2. NO _x storage performance For each catalyst after the endurance test, after performing lean operation for 60 seconds using the same exhaust system, introducing a rich pulse for 2 to 3 seconds (rich spike), NO _x purification at this time The rate was measured. Further, in order to calculate the NO _x purification possible amount in the lean atmosphere, the NO _x occlusion amount until the purification rate of NO _x entering the catalyst was changed from 100% to 90% was calculated. The calculated results are shown in FIG.

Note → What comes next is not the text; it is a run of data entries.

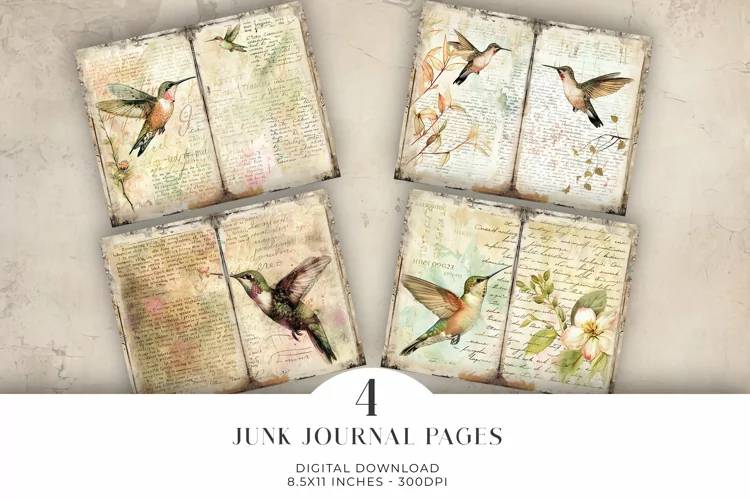 Shabby Chic Scrapbook Paper Watercolor Digital Paper Printable Journal Junk Journal Pages Junk Journal Paper Printable Page Watercolour Junk Journal Paper Watercolor Junk Journal Digital Paper Bi-fold 4 Hummingbird Junk Journal Digital Paper Bi-fold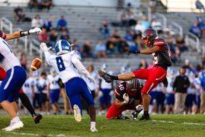 On the ensuing drive, Bears’ quarterback Jaxson Haines rolled out on third-and-long, but his pass downfield was deflected and intercepted by Lawrence, who displayed excellent field awareness as he ran across the field and returned the pick to the Bears’ 7-yard line. Two plays later, fullback Jaren Sanchez powered his way into the end zone to make it 14-0.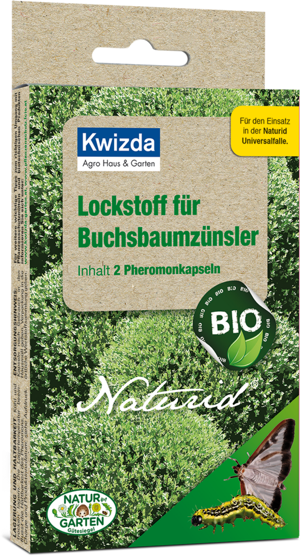 Návnada Naturid na zavíječe zimostrázového se skládá z feromonových kapslí, které cíleně přitahují samce zavíječe zimostrázového. Tím lze účinně omezit rozmnožování škůdců – přirozeně a bez použití chemie.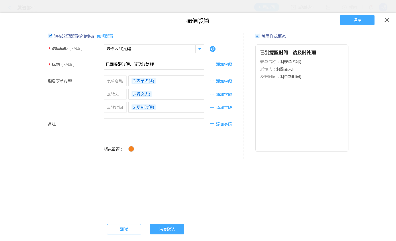 “微信提醒”可将需要的内容直接通过微信推送给对应的接收人。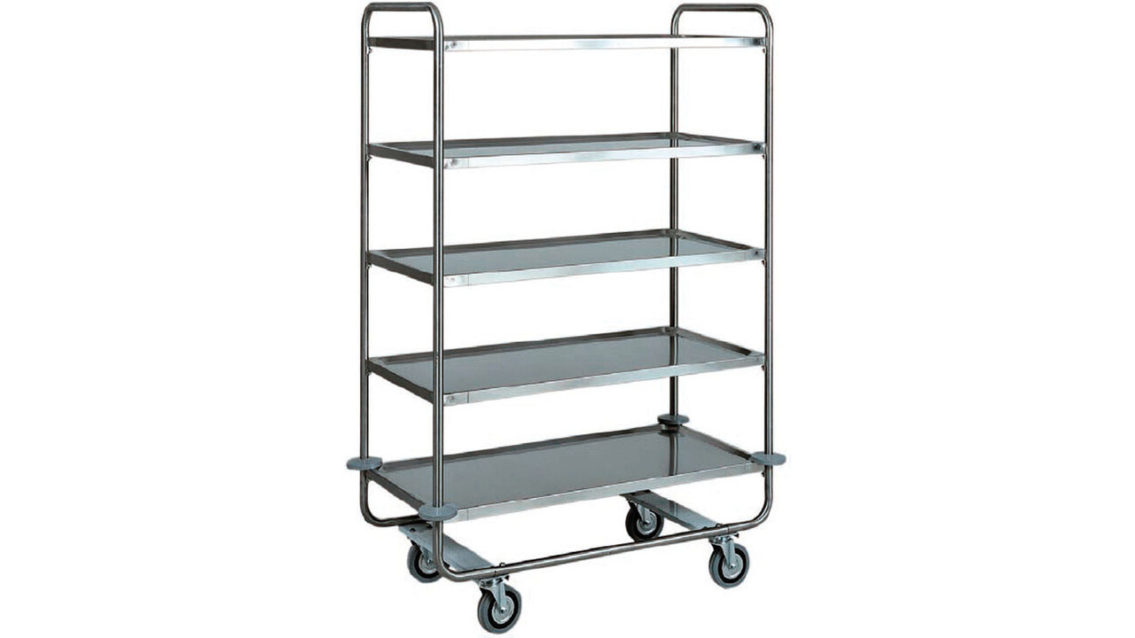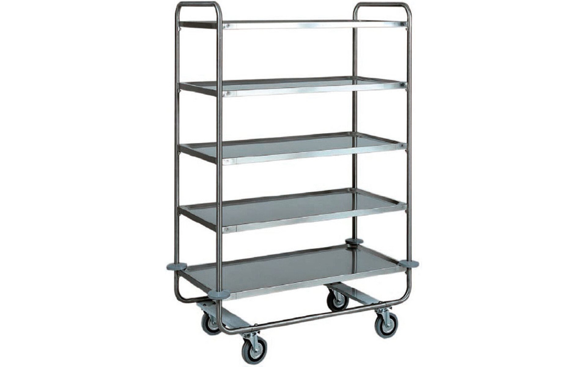 ø 25 mm in roestvrij staal AISI 304 - AISI 304 roestvrijstalen legborden, bakvormig met afgeronde randen en hoge dikte, geluiddempend en met satijnen afwerking – rubberen schokdempers – multidirectionele wielen ø 125 mm.

As shown in FIG. 5, in the exhaust gas purification catalyst with the optimized catalyst layer configuration, as shown in the comparison between Example 2 and Comparative Example 1, Example 4 and Comparative Example 3, and Example 3 and Comparative Example 2. Even when the NO _x storage material increased or the amount of noble metal increased, a higher NO _x purification activity was obtained compared to the comparative example in which the NO _x storage material and the noble metal were supported in the same amount.

Claims (3)

A first catalyst layer containing zirconium oxide and rhodium and a second catalyst layer containing at least one of platinum and palladium in order from the support substrate side on the support substrate side, and the first catalyst layer At least one of the catalyst layer and the second catalyst layer includes at least one of an alkali metal and an alkaline earth metal;
Platinum, palladium, and alkali metal and the ratio of the total amount ^{M 2} of the alkaline earth metal to the total amount ^{M 1} of rhodium ^{(M 2 / M 1; mol} / g ratio) is less than 0.5, the total volume of the catalyst layer NO _x storage-and-reduction type exhaust gas purifying catalyst ratio of the volume of said first catalyst layer is 60% or more relative to. ^2. The NO _x storage reduction exhaust gas purification catalyst according to claim 1, wherein the ratio M ² / M ¹ (mol / g ratio) is 0.1 to 0.47. 3. The NO _x storage reduction exhaust gas purification catalyst according to claim 1, wherein the total thickness of the catalyst layer is 90 to 300 μm.